# DATASET SECTION
_____
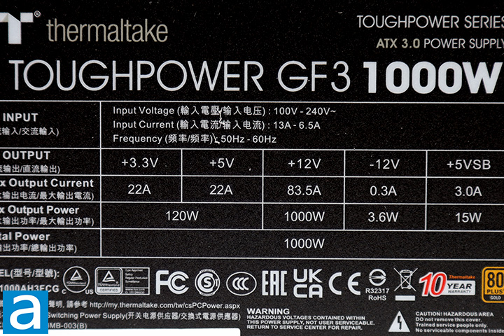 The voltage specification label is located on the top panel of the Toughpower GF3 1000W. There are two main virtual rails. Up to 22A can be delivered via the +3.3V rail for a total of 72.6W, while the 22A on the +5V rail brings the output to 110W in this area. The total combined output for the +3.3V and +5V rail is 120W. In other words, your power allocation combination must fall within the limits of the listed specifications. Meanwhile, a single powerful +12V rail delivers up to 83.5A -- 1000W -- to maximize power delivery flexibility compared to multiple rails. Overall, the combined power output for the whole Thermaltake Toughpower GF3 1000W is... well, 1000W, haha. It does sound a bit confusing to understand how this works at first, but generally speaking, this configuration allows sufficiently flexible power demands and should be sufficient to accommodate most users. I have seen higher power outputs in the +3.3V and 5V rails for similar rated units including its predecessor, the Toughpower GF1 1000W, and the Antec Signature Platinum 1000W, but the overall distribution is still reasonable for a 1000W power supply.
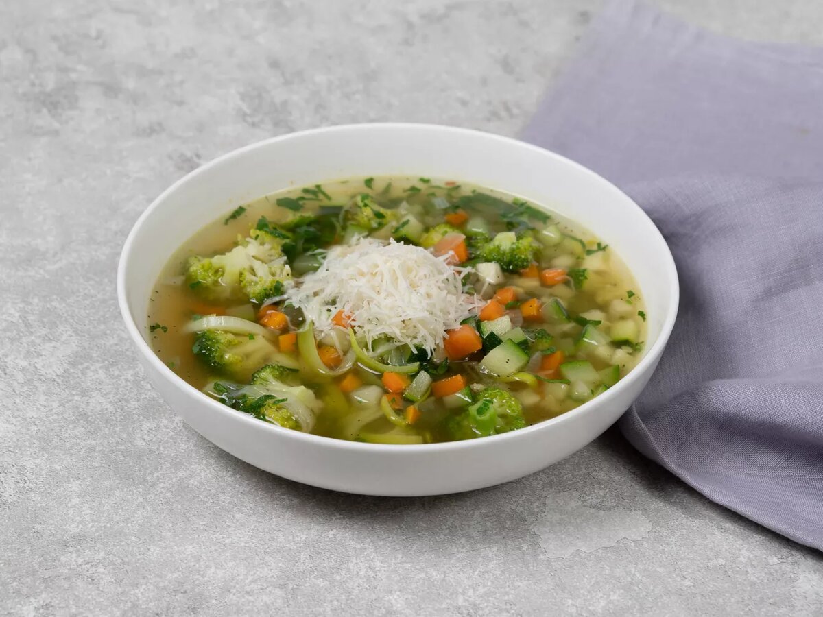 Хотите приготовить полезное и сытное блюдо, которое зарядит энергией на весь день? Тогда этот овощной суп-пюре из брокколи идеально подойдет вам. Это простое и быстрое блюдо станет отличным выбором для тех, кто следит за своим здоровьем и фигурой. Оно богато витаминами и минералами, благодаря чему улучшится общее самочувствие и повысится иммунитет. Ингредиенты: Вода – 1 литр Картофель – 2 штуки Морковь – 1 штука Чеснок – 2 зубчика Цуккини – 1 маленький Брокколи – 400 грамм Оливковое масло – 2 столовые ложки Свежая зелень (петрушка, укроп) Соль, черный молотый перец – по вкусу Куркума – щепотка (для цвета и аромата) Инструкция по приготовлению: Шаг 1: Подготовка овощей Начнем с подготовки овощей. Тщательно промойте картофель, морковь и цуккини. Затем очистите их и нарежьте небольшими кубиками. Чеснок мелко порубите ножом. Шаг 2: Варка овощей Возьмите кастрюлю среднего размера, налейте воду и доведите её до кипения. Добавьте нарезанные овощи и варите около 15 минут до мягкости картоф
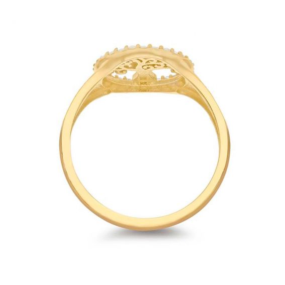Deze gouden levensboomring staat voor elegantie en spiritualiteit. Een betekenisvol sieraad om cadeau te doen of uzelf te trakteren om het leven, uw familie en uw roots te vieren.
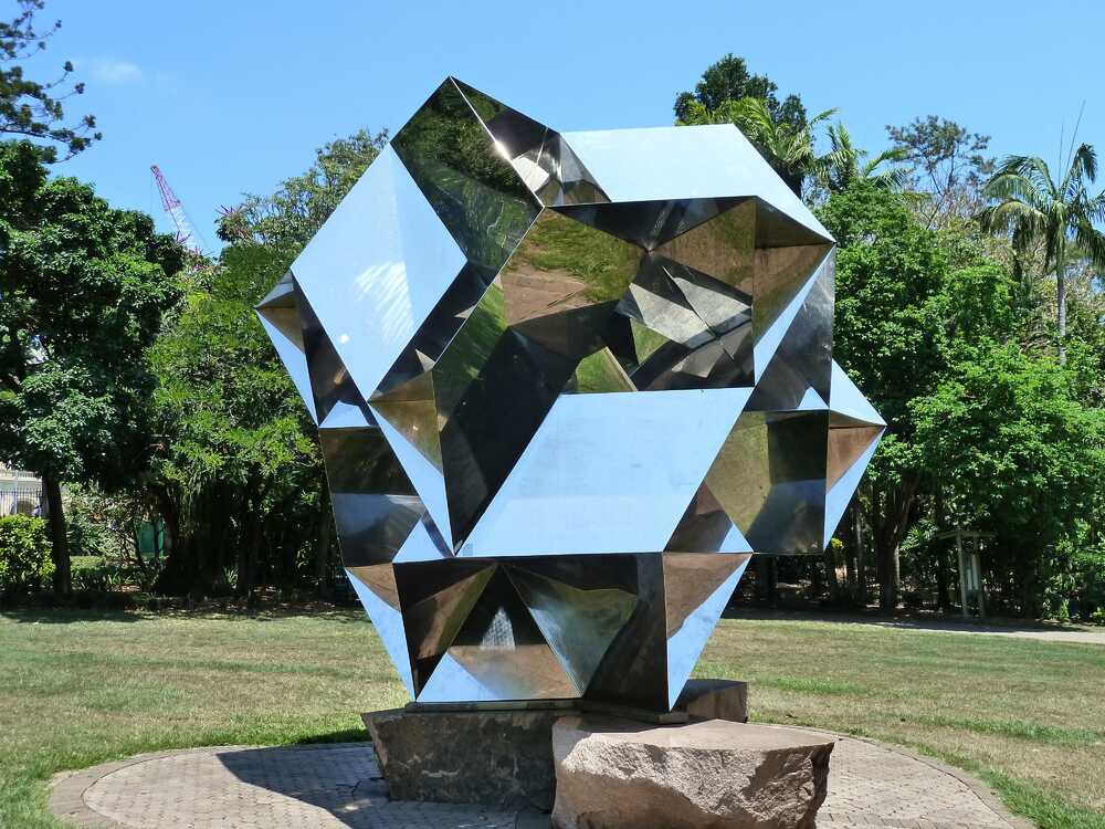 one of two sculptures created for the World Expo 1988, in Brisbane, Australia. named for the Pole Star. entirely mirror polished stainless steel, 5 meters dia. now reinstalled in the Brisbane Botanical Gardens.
_____
Please write out the lines above exactly, from the one that contains "Хотите приготовить полезное" through the final line, and include none of the pictures.

# TASK SOLUTION
 Хотите приготовить полезное и сытное блюдо, которое зарядит энергией на весь день? Тогда этот овощной суп-пюре из брокколи идеально подойдет вам. Это простое и быстрое блюдо станет отличным выбором для тех, кто следит за своим здоровьем и фигурой. Оно богато витаминами и минералами, благодаря чему улучшится общее самочувствие и повысится иммунитет. Ингредиенты: Вода – 1 литр Картофель – 2 штуки Морковь – 1 штука Чеснок – 2 зубчика Цуккини – 1 маленький Брокколи – 400 грамм Оливковое масло – 2 столовые ложки Свежая зелень (петрушка, укроп) Соль, черный молотый перец – по вкусу Куркума – щепотка (для цвета и аромата) Инструкция по приготовлению: Шаг 1: Подготовка овощей Начнем с подготовки овощей. Тщательно промойте картофель, морковь и цуккини. Затем очистите их и нарежьте небольшими кубиками. Чеснок мелко порубите ножом. Шаг 2: Варка овощей Возьмите кастрюлю среднего размера, налейте воду и доведите её до кипения. Добавьте нарезанные овощи и варите около 15 минут до мягкости картоф
Deze gouden levensboomring staat voor elegantie en spiritualiteit. Een betekenisvol sieraad om cadeau te doen of uzelf te trakteren om het leven, uw familie en uw roots te vieren.
 one of two sculptures created for the World Expo 1988, in Brisbane, Australia. named for the Pole Star. entirely mirror polished stainless steel, 5 meters dia. now reinstalled in the Brisbane Botanical Gardens.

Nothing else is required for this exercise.